BEGIN Available records
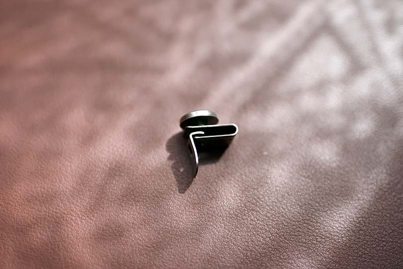 真鍮製のクリップに、おなじく真鍮製のボタンがついています。
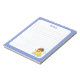 Cute notepad with an illustration of a yellow duckling wearing a colourful umbrella hat swimming on a pond in the rain, in the bottom right corner. A white writing space with blue lines on a blue background. At the top of the notepads in blue text is the word notes, this is a template that can be used as it is or replaced with your on text using the text box.
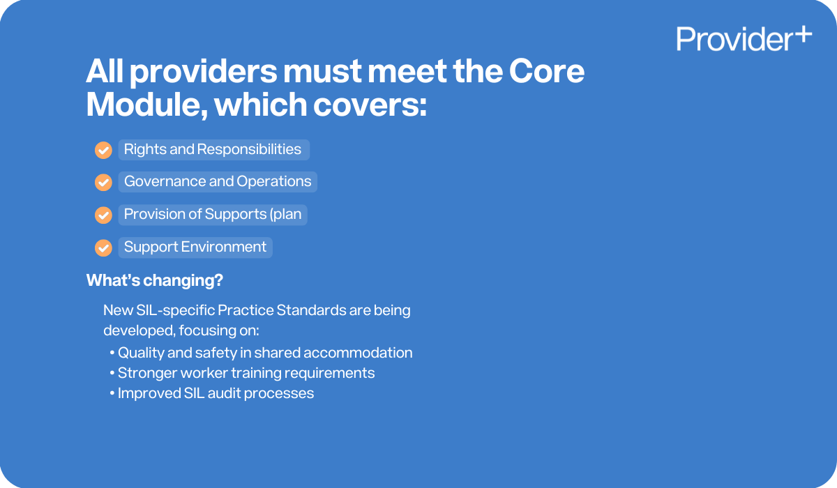 Registered SIL providers must comply with the NDIS Practice Standards. The Core Module applies to all registered providers, covering four outcome areas:
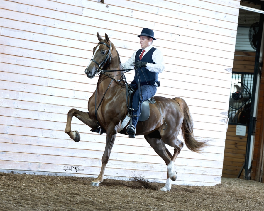 CONSIGNOR'S STATEMENT: Here is an up-fronted, great-thinking prospect for the park or park pleasure divisions. Stone Gate's Champagne At Midnight is well along in his training. He is a willing and talented student and is well broke to ride and drive. He should finish nicely over the winter and be ready for the spring shows. By the popular young sire Dark Pegasus, he has some great old breeding on his dam's side, with his dam being by WCC sire RWC Star Material and his second dam by WCC sire Champagne Fizz.
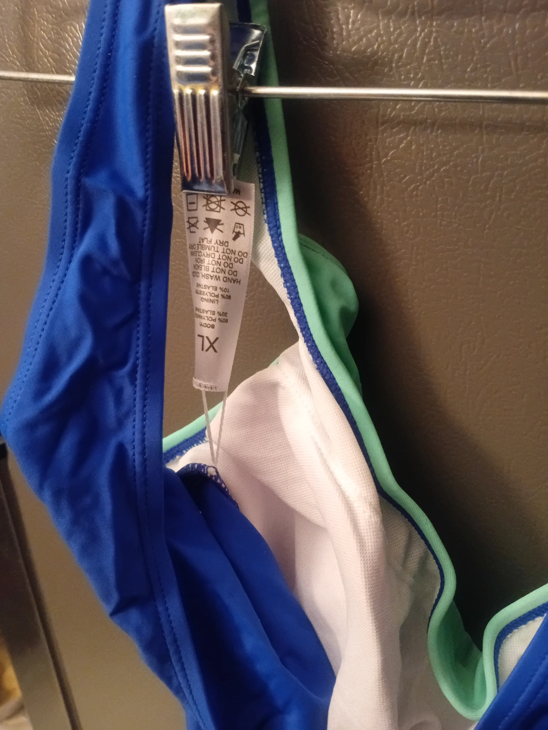 Women's athletic one-piece swimsuit. Features a U-back design and colour-blocked design. X-Large size. Great for swimming and water activities. - see images for details - click image to enlarge - scroll to left to see more images PLEASE "FOLLOW" ME, AS I OFFER A VARIETY OF DIFFERENT ITEMS AT FANTASTIC PRICES! HOPE TO SEE YOU SOON! THANKS FOR YOUR TIME . Exact Cash Please - If you need change please let me know ahead of time so I can get change. BM33 S00774
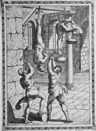 | Keywords: Gallonio Tortures 1591 p04.jpg Woodcut by Tempesta showing a torture/execution scene of martyrs from Gallonio's Tortures and Torments of the Christian Martyrs «Trattato degli instrumenti di martiro e delle varie maniere di martoriare usate da' gentili contro christiani descritti et intagliate in rame; opera di Antonio Gallonio» first publication Rome 1591 / scans from a 1904 reprint woodcut by Antonio Tempesta Reproduction of a painting that is in the public domain because of its age PD-old-100 Trattato degli instrumenti di martiro |
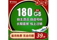 电信大山卡39元套餐介绍,180G全国流量+20年长期...
END Available records
Work order => Starting with the line that holds "di martiro |", return each line exactly through the final line of the entries above; pictures are not part of the output.

Result =>
 | Keywords: Gallonio Tortures 1591 p04.jpg Woodcut by Tempesta showing a torture/execution scene of martyrs from Gallonio's Tortures and Torments of the Christian Martyrs «Trattato degli instrumenti di martiro e delle varie maniere di martoriare usate da' gentili contro christiani descritti et intagliate in rame; opera di Antonio Gallonio» first publication Rome 1591 / scans from a 1904 reprint woodcut by Antonio Tempesta Reproduction of a painting that is in the public domain because of its age PD-old-100 Trattato degli instrumenti di martiro |
 电信大山卡39元套餐介绍,180G全国流量+20年长期...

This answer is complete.